GHRP-2 is a synthetic hexapeptide that makes the pituitary release a burst of growth hormone. Its non-research name is pralmorelin, and you'll also see it filed under the development codes KP-102 and GPA-748, or by its CAS number 158861-67-7. It belongs to the growth hormone secretagogue family, the same class as ghrelin mimetics like GHRP-6 and ipamorelin.
What it is and how it works
GHRP-2 acts as an agonist at the growth hormone secretagogue receptor type 1a (GHS-R1a), the receptor that the stomach hormone ghrelin normally binds. That receptor sits on somatotroph cells in the anterior pituitary and in the hypothalamus, so the peptide pushes GH release at both levels. The general pharmacology study of KP-102 in animals described it as a compound that "potently promotes growth hormone (GH) release by acting at both hypothalamic and pituitary sites" (Furuta et al., *Arzneimittelforschung*, 2004).

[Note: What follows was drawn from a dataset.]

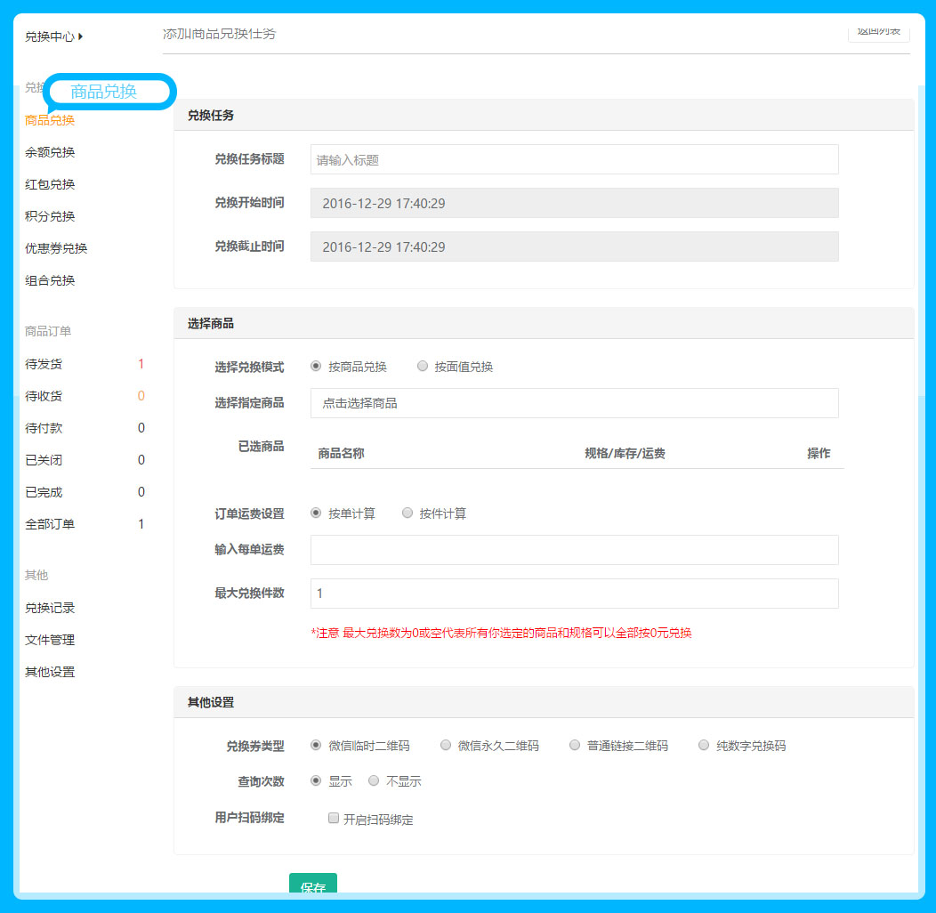 兑换开始时间/结束时间:兑换的开始/时间系统默认的是当前的时间,需要商家重新设置,兑换任务的时间范围
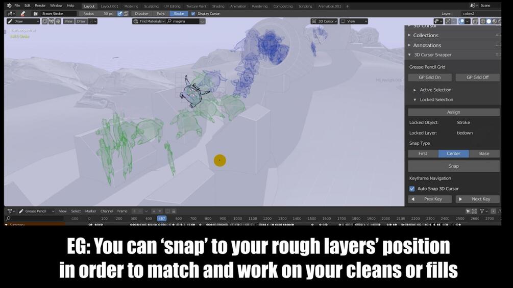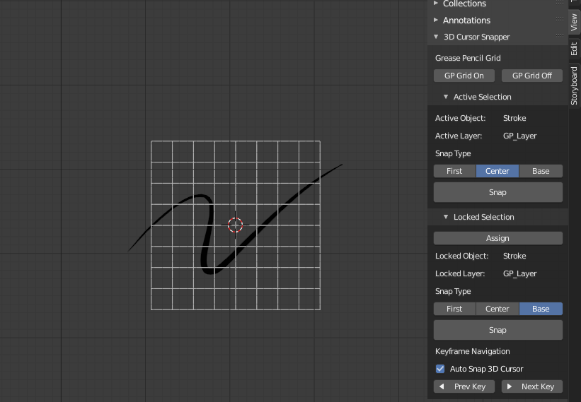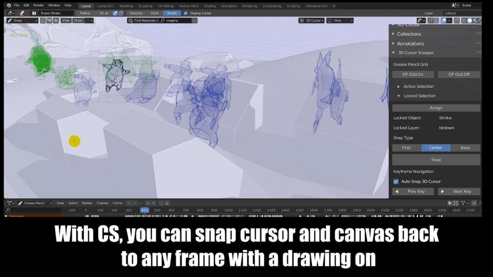 Cursor-Snapper is a Blender add-on designed to help create 3D Grease Pencil animations. It allows snapping the 3D cursor back to a previous Grease Pencil location.

Because it works through the ghrelin receptor, GHRP-2 also reliably triggers hunger and increases food intake in humans, a known consequence of activating that pathway (Pralmorelin, Wikipedia summary of published sources).
The peptide traces back to work by Cyril Bowers and colleagues on small synthetic GH-releasing peptides; development was attributed to Polygen and Tulane University, and the diagnostic product was commercialized by Kaken Pharmaceutical in Japan (NCATS Inxight: Pralmorelin).
What the research and regulators actually say
This is the part that matters most, because GHRP-2 has a real regulatory record that most research peptides do not.
- Approved use (Japan only, and narrow). Pralmorelin is marketed in Japan by Kaken Pharmaceutical, sold as a single-dose formulation (brand name GHRP Kaken 100) for one job: assessing growth hormone deficiency (GHD). The logic is diagnostic. In healthy people the peptide produces a large GH spike, while in people with GHD that spike is much smaller, so the response separates the two groups (Wikipedia / Kaken; NCATS Inxight).
- It was tested as a treatment, and that path stalled. Pralmorelin was investigated for treating GHD and short stature and reached phase II trials, but it was never marketed for those uses (Wikipedia summary of published sources).
- No FDA approval. It is not approved by the FDA in the United States for any use.
So the honest summary is narrow: GHRP-2 raises GH in humans, that effect is documented well enough to be used as a diagnostic signal in one country, and the attempts to turn it into an actual therapy did not cross the finish line.
Anti-doping status
Growth hormone secretagogues, including GH-releasing peptides like GHRP-2, are on the World Anti-Doping Agency Prohibited List under the peptide hormones and growth factors section (S2). Substances in this category are banned at all times, both in and out of competition (WADA Prohibited List). Any athlete in a tested sport should treat it as prohibited.
The buyer-quality angle: what you're actually getting
Outside of the Japanese diagnostic product, GHRP-2 sold online is research-grade material, labeled research use only and not for human consumption. Nothing on this page is medical, dosing, or efficacy advice.
For a short synthetic peptide, two quality questions are the ones that bite:
- Identity and purity. A certificate of analysis should show the molecular weight matching the published value (formula C45H55N9O6, mass roughly 818 g/mol) and a purity figure from HPLC, plus mass-spec confirmation of identity. Without that, you don't know whether the vial holds GHRP-2, a related peptide, a truncated fragment, or mostly filler.
- Independent verification. A COA from the seller is a starting point, not proof. peptideone aggregates third-party signals, vendor COAs, and independent rater data so the testing claims can be checked against something other than the storefront. Treat any vendor that can't produce a batch-specific COA as unverified.
GHRP-2 is one of the better-documented compounds in this space, which is exactly why the gap between the published pharmacology and an unlabeled research vial is worth keeping in mind.